TOKYO (Reuters) - Sumitomo Mitsui Financial Group Inc's (>> Sumitomo Mitsui Financial Group, Inc.) brokerage unit is ready to poach bankers to expand its U.S. investment banking arm and could even buy small firms if the right target comes up, its chief executive said.

SMBC Nikko, Japan's third-biggest brokerage by assets, launched in New York last year a niche team focusing on mergers and acquisitions (M&A) and debt capital markets in an effort to capitalize on Japanese companies expanding in the United States.

"If targets come up for sale, we have the strength to buy them," Yoshihiko Shimizu said in an interview. "But if we do buy something, it would be as much as a team (of bankers)."

"If that one team is a company, we'll buy the whole company. If there are 30 able people in a team of 100, I only want the 30 people," he said.

Japanese investment banks and brokerages are betting on the U.S. as domestic companies strive to escape a shrinking population and tepid growth at home by expanding in the world's largest economy.

SMBC Nikko's rivals Nomura Holdings Inc (>> Nomura Holdings Inc) and Daiwa Securities Group Inc (>> Daiwa Securities Group Inc), Japan's biggest and second-biggest brokerages respectively, have this year beefed up their U.S. investment banking coverage.

Nomura is boosting its ranks of investment bankers in New York, including senior hires in the tech and finance sectors. Daiwa, looking to earn more money from advising mid-sized firms, bought two boutique M&A advisory firms in New York and Baltimore.

Still, Shimizu said buying large securities firms could risk a loss of control - something that has hit Japanese brokerages before.

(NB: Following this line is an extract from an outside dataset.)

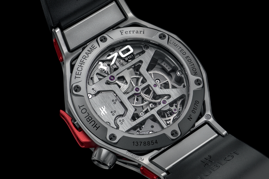 La manifattura Hublot ha ripreso il design da Ferrari applicandovi la propria esperienza nel progettare e produrre orologi, nonché la propria competenza nei materiali, per rendere fattibili questi concetti estetici e tecnici. Il risultato è un telaio della cassa con una struttura modulare dei tre componenti, scheletro intermedio, contenitore e fondello, che è coerente con lo stile ripreso da Ferrari. Disponibile nelle versioni King Gold e titanio, il nuovo Techframe Ferrari 70 Years Tourbillon Chronograph è proposto anche in carbonio PEEK, un materiale multistrato ipoallergenico realizzato in fibre di carbonio particolarmente lunghe, estremamente duraturo e affidabile che rappresenta un elemento essenziale di questa cassa molto aperta. Questa non è l’unica innovazione: i due pulsanti laterali facilitano la sostituzione del cinturino pur garantendo la massima sicurezza. Come tutti i componenti colorati di questo nuovo Techframe, i due pulsanti laterali sono realizzati nel famoso rosso P485 Ferrari. Sul fondello della cassa è incisa la scritta “Limited Edition, n ° XX / 70” mentre lo zaffiro del fondello è decorato con la dicitura “Ferrari 70 Years”.
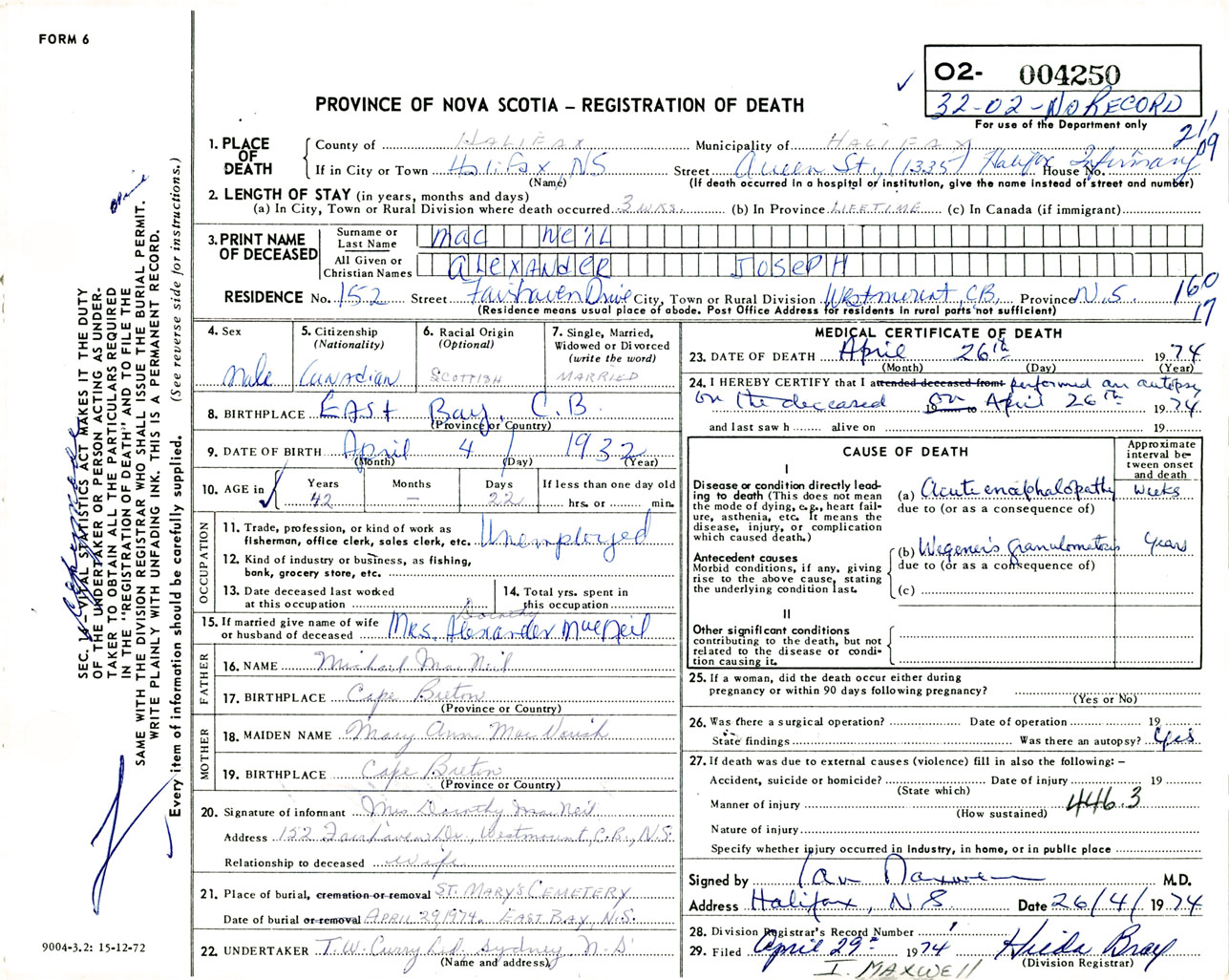 Male Death Registration: Year: 1974 number: 4250

Nomura's 2008 acquisition of Lehman Brothers' Asian and European businesses led to six straight years of overseas pretax losses totaling 385 billion yen ($3.40 billion).

SMBC Nikko's New York team, comprising 10 senior bankers, focuses on sectors where the brokerage's parent - No. 3 among Japan's "megabanks" - has strong connections, including pharmaceuticals and raw materials.

In the year to November, the parent was the top advisor by number of deals involving Japanese firms, but only fifth by deal volume, Thomson Reuters data showed. Last year it ranked second by commissions and 10th by deal volume.

"Little by little, we're seeing success." said Shimizu, a 39-year veteran of Japan's banking industry.

SMBC Nikko will leverage its parent's lending business as an "entrance ticket" to broaden opportunities in debt and equity financing and M&A advisory, Shimizu said, with the company looking to serve major Japanese firms.

"You can't make money by focusing only on blue-chips. But at the same time I don't want to focus in America on small and medium-size firms," he said.